--- START ---

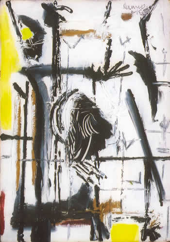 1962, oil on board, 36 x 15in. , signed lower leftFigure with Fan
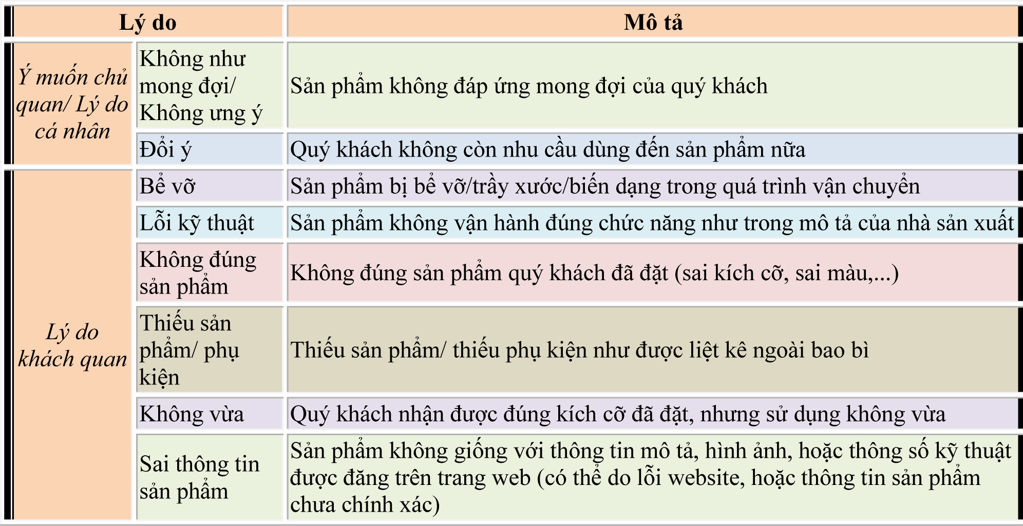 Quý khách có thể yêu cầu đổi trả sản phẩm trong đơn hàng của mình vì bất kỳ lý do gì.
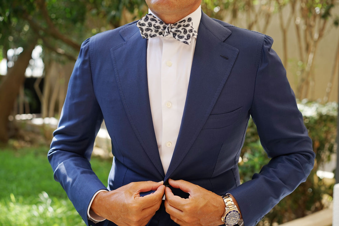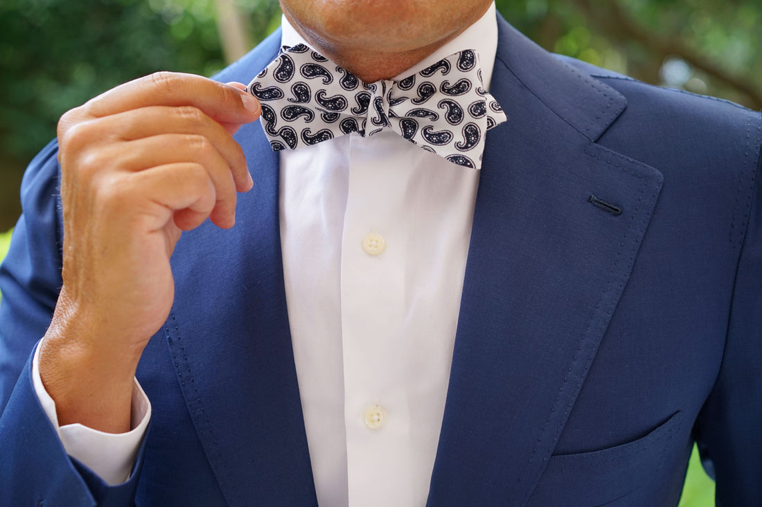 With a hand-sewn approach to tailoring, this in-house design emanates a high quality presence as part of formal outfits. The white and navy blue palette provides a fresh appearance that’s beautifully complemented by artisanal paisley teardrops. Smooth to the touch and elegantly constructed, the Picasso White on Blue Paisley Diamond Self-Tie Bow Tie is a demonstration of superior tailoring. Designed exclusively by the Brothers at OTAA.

--- END ---
--- START ---

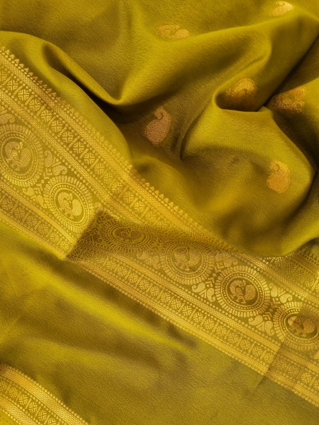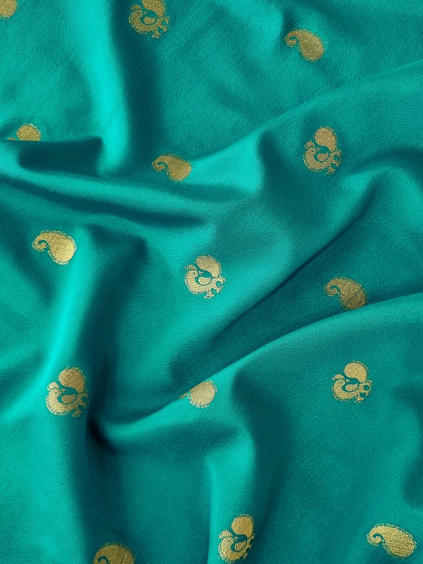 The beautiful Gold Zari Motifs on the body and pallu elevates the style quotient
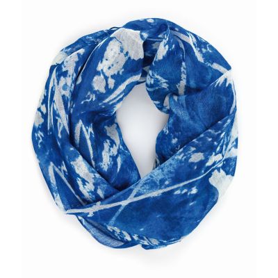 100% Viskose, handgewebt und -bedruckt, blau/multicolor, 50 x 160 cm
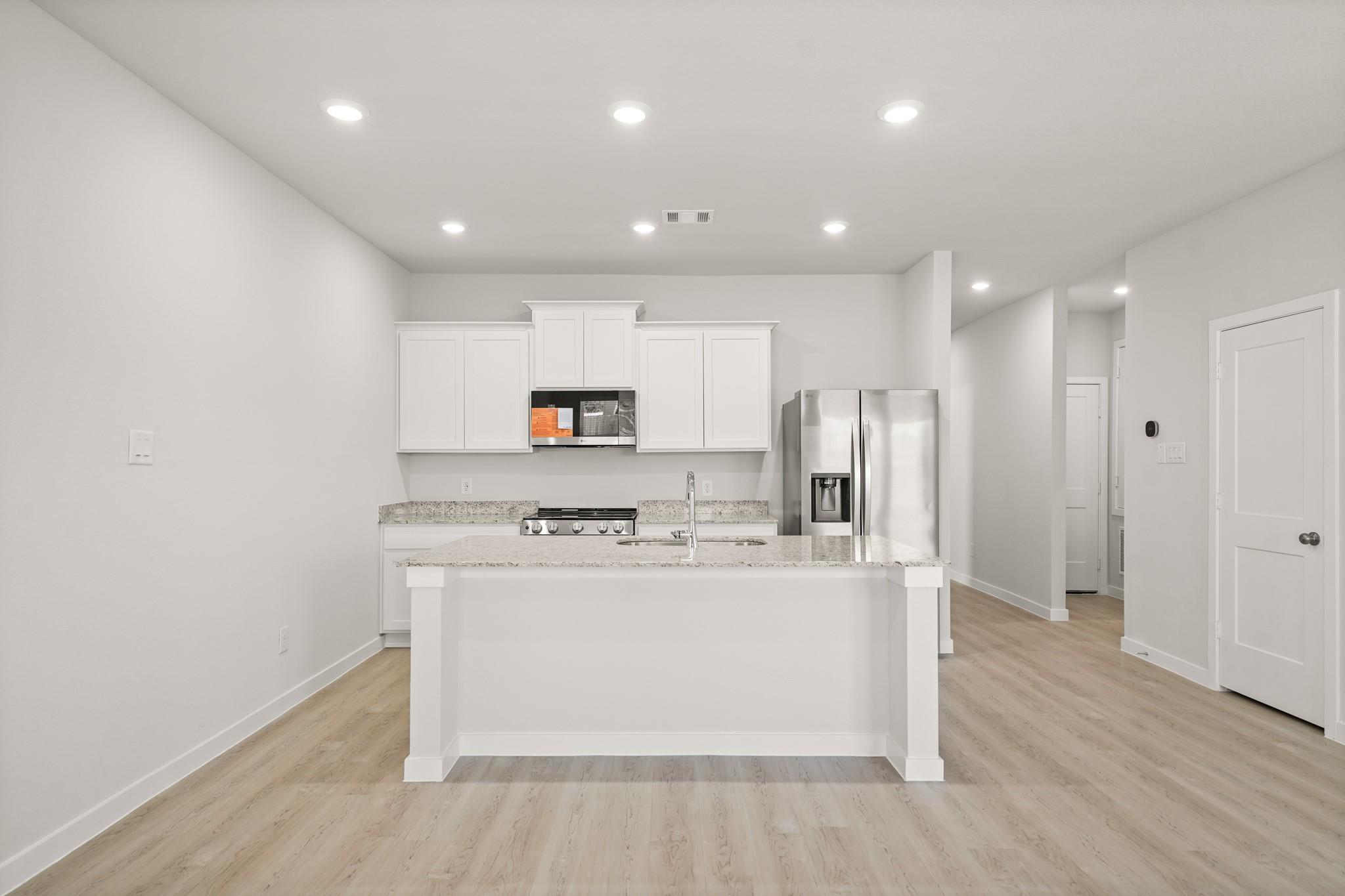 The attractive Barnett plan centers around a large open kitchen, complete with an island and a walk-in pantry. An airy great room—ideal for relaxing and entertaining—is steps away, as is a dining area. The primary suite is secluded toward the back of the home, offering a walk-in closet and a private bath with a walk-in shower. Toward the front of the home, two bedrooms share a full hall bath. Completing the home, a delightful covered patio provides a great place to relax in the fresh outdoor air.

--- END ---
--- START ---

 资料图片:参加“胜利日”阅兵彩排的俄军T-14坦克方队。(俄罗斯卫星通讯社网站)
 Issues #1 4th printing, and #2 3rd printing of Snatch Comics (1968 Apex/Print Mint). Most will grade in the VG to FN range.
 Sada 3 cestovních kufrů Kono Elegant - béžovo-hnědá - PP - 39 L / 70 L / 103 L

--- END ---

**About this exercise**
Because only one stretch of the records is wanted, please output the lines from the one holding "100% Viskose, handgewebt" through the one holding "The attractive Barnett" exactly, both included, and leave every picture out.

**Task response**
 100% Viskose, handgewebt und -bedruckt, blau/multicolor, 50 x 160 cm
 The attractive Barnett plan centers around a large open kitchen, complete with an island and a walk-in pantry. An airy great room—ideal for relaxing and entertaining—is steps away, as is a dining area. The primary suite is secluded toward the back of the home, offering a walk-in closet and a private bath with a walk-in shower. Toward the front of the home, two bedrooms share a full hall bath. Completing the home, a delightful covered patio provides a great place to relax in the fresh outdoor air.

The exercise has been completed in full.